Quarterback Aaron Murray hit 16 of 34 passes for 231 yards and two interceptions.

"It takes some time," Murray said. "We’ve had enough practice through December and through January, all the camps and scrimmages so: I thought we executed pretty good today. We ran the ball effectively- we saw that at times. I thought the pass game was pretty good. It was just those mistakes. If you’re going to turn the ball over three times, and the other team doesn’t turn it over, they’re going to win. Plain and simple. We drive down there, get to about the 5-yard line, and a bad play by me in throwing that up. I should have just thrown it away. We had 4 or 5 tries in the red zone and came away with no points. I think, moving the ball, it was pretty good, it’s just a matter of finishing those drives, being a little more efficient and understanding that windows get tighter in the red zone, players move faster, and there’s less room for the defense to have to cover. We just have to be better going forward. I think we can. Like I said, I thought we saw some good stuff today from this team: from players that really stepped up. I thought the offensive line was tremendous: the way they dominated during the game, especially when running the football. Like I said: we just can’t turn it over. Myself: two picks, the fumble that turned into a touchdown- those are the things that really shoot you in the foot. That really cost us today."

Still, Murray said the day was a nice start.

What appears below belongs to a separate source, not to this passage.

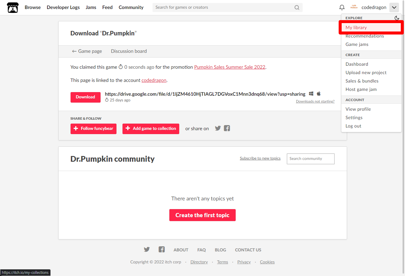 [Claim game]을 클릭하면 "Dr.Pumpkin" 게임이 나의 게임 라이브러리에 추가되고 설치파일을 다운받을 수 있는 페이지로 이동됩니다.
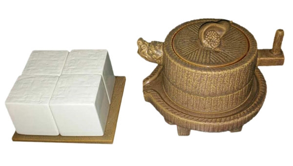 淮河早报、淮南网记者看到,这套茶具集个性、仿真、复古于一身,以寿州窑陶质原料制作石磨茶壶、磨盘及木架,以高温白瓷材料制作豆腐形态的茶杯,造型自然古朴,纹路细腻清晰,的确别具一格。“这是将传统与现代工艺相结合,手工刻画而成。”朱兆龙说,“壶嘴设计为一鳌头,寓意‘独占鳌头’之美意!”

"It was fun. Obviously, not the outcome we wanted, but I think everyone fought. That’s the one good thing about this football team: We’re a close team. There wasn’t any arguing. The defense wasn’t saying: 'hey offense, you stink.' The offense wasn’t yelling at the defense. It was all: “hey boys, we got you, we got you, we got you”. That camaraderie, even in the locker room afterwards, guys were going up to each other and saying ‘heads-up, we’re good. Move on, short week: we’ve got Seattle next week and that’s somewhat of a blessing to be on a short week. We’ve got to play on Saturday. We’ve got to forget this, we’ve got to make the corrections and we’ve got to get going. We can sulk on this at all. It’s a long season. It’s only week one for goodness sakes. Like I said: I saw some promising stuff out there and we just have to work on making those corrections and understand that we have 9 more games. We just have to keep fighting to get better."

Tampa Bay is on the road again Saturday, traveling to Seattle to play the Dragons at 5 p.m.